Quantitative analysis of the effects of strain-state on the microstructure and J(sub c) of BSCCO tapes

摘要

After considerable optimization efforts, conventional thermomechanical processing of long, high temperature superconductors has not produced critical current densities (J(sub c)) adequate for most liquid nitrogen temperature applications. New approaches are needed to improve the J(sub c) of superconducting tape produced by co-deforming a ductile silver sheath containing the superconducting oxide using the powder-in-tube process.

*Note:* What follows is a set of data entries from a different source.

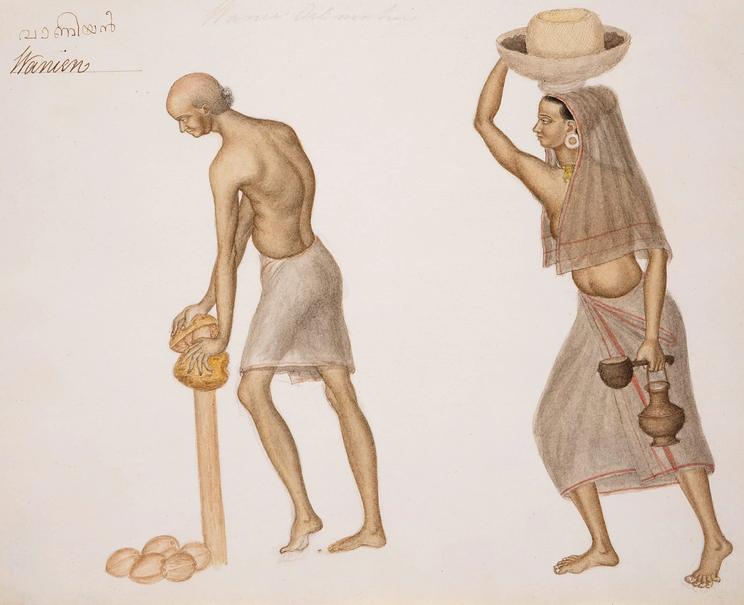 The painting has three subject identifications written along the top. The Tamil inscription reads, vaniyan. (Translation by Stephen Markel.) The Vaniyan (or Vanniyar or Palli) are a south Indian indigenous agrarian community. The English inscription on the left reads, “Wanien,” which is a 19th-century transliteration of vaniyan. The faint English inscription in the center reads, “Wanie Oilmaker”(?). It likely refers to the Vaniyans’ traditional occupation as oil mongers, including coconut oil. In this vocational illustration, an elderly man husks coconuts on a wooden pole. Behind him is his wife(?) with a basket on her head and carrying a ladle and ewer, which is filled with white coconut milk. The somber brown palette and naturalistic figures with stippled shading and touches of color are stylistically derived from British prints. Such paintings of castes and occupations were produced for English East India Company officials and military stationed in the Malabar District of the Madras Presidency (1800-1947). A comparable painting of Malabar coconut gatherers is in the Victoria and Albert Museum, London (IS.262-1951).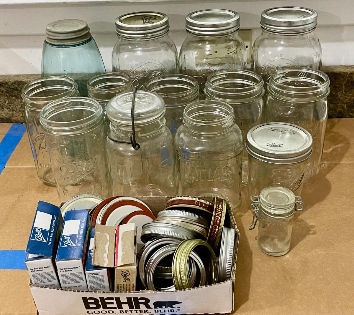 Lot of 14 Ball & Atlas storage/canning jars + lids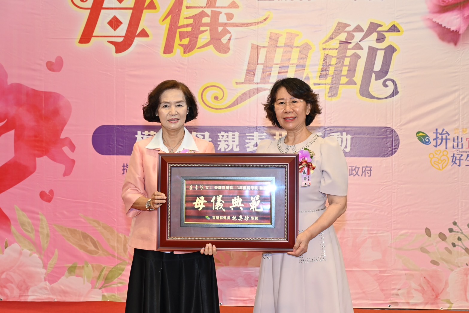 經由公所、民間團體推薦,共遴選出宜蘭縣14位模範母親分別為~林曾秀琴女士、葉吳雪花女士、尹李阿花女士、朱繍女士、盧素芬女士、吳梅玉女士、陳林阿桃女士、游金蓮女士、簡林美子女士、黃阿英女士、李游美玉女士、麥福金女士、林靜慧女士及鄧阿緞女士等,在家人陪同下出席接受表揚。在這次榮獲表揚的模範母親們,不僅是家庭的支柱,也是社區的榜樣,她們以自己的言行舉止影響著周遭的人,成為社會上的模範。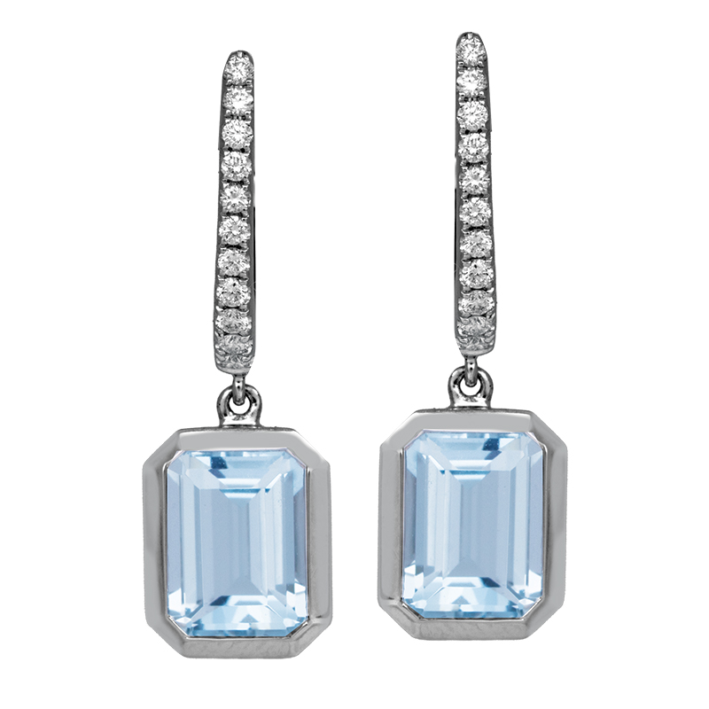 New 14k white gold huggie drop earrings set with 2.96 carats of emerald cut aquamarines & 0.19 carats of round brilliant diamonds.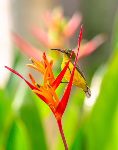 Olive backed Sunbirds loved to gather nectar from the Bird of Paradise in the garden at the resort we were staying in.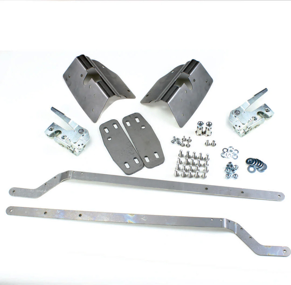 The Altman Easy Latch kit is a vehicle specific bolt-on, bear jaw rotary claw latch kit. This kit features contoured jam plates to match the features of your vehicles doors. These are in no way a universal application. Our bear jaw rotary claw latches are each designed to work with the exterior handles, interior handles, and the exterior door lock cylinders of the specified vehicles. Each piece of our bear jaw latches are zinc plated to fight corrosion. Our internal claws are case hardened and black oxide coated. Each kit comes with everything you need for two doors. Latch plates, vehicle specific bear jaw rotary claw latches, templates, hardware, detailed instructions, striker plates, and even stainless steel striker bolts. The Altman Easy Latch kit will have your doors opening and closing smoothly and safely. All of our kits are designed, manufactured, and assembled here in the USA.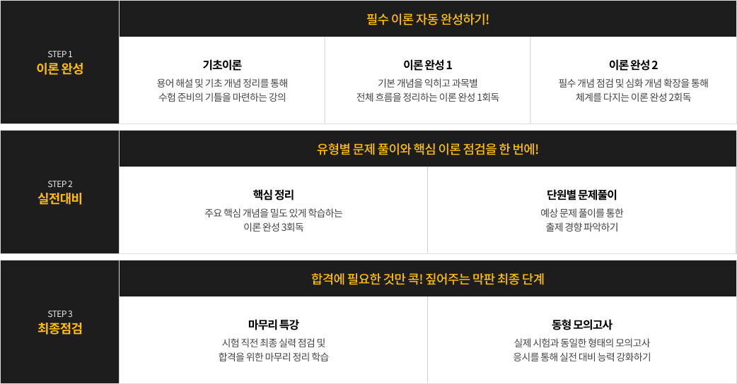 단기 합격을 위한 최적의 커리큘럼을 개발했습니다.
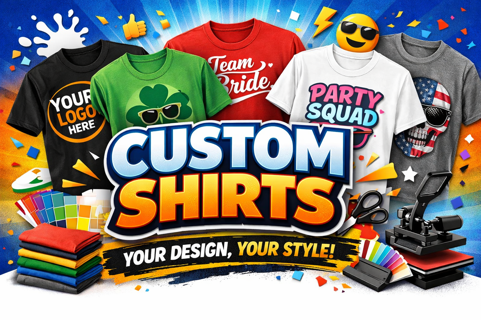 Our custom t-shirt business turns your ideas into wearable fun! Whether you’re repping your brand, celebrating a special event, or just showing off your personality.
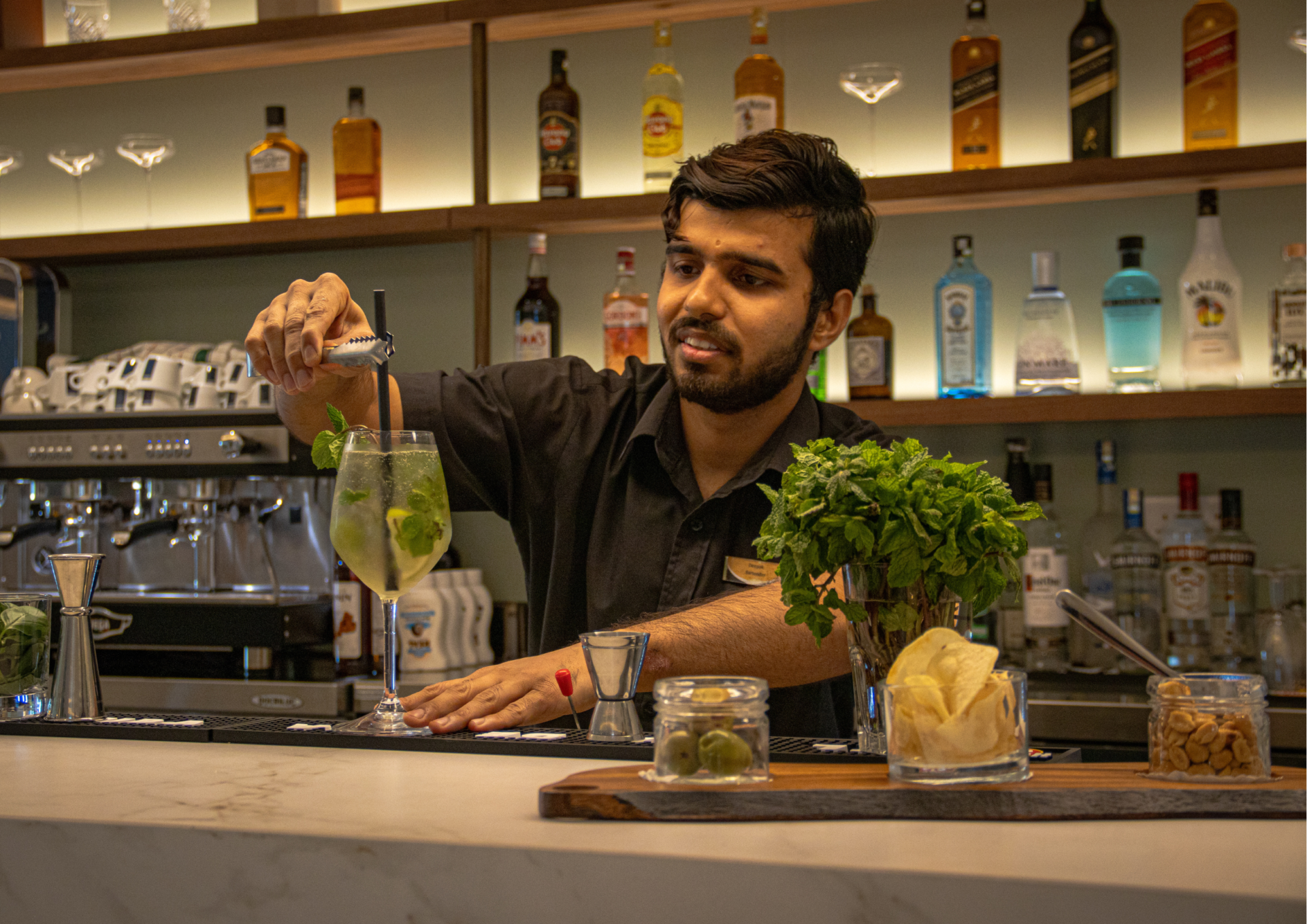 The bar experience is guided by simplicity and balance. Carefully prepared drinks, classic cocktails, and refined non-alcoholic options are served with unhurried care, encouraging you to enjoy each sip at your own pace. Soft background music and attentive yet discreet service complete the experience, allowing you to fully relax without interruption.

This study investigates improvements in J(sub c) generated by modifying the strain-state during rolling of silver-sheathed Bi(sub 2)Sr(sub 2)Ca(sub 2)Cu(sub 3)O(sub 10+x) (BSCCO-2223) tape using quantitative image analysis of the different phases. Pure compression and combined compression-shear loading was achieved by embedding BSCCO-2223 tapes at different locations within thick steel blocks. High hydrostatic compressive stress was imposed by confining the tape width. Tapes deformed with combined shear-compression exhibited measurably higher J(sub c) values than tapes subjected to pure compression, but their microstructures showed little difference in the amount of nonconducting (including porosity) phase content. However, constraining the tape width resulted in the most significant increase in J(sub c) which corresponded to a much lower porosity and nonconducting phase volume in the oxide near the tape edge.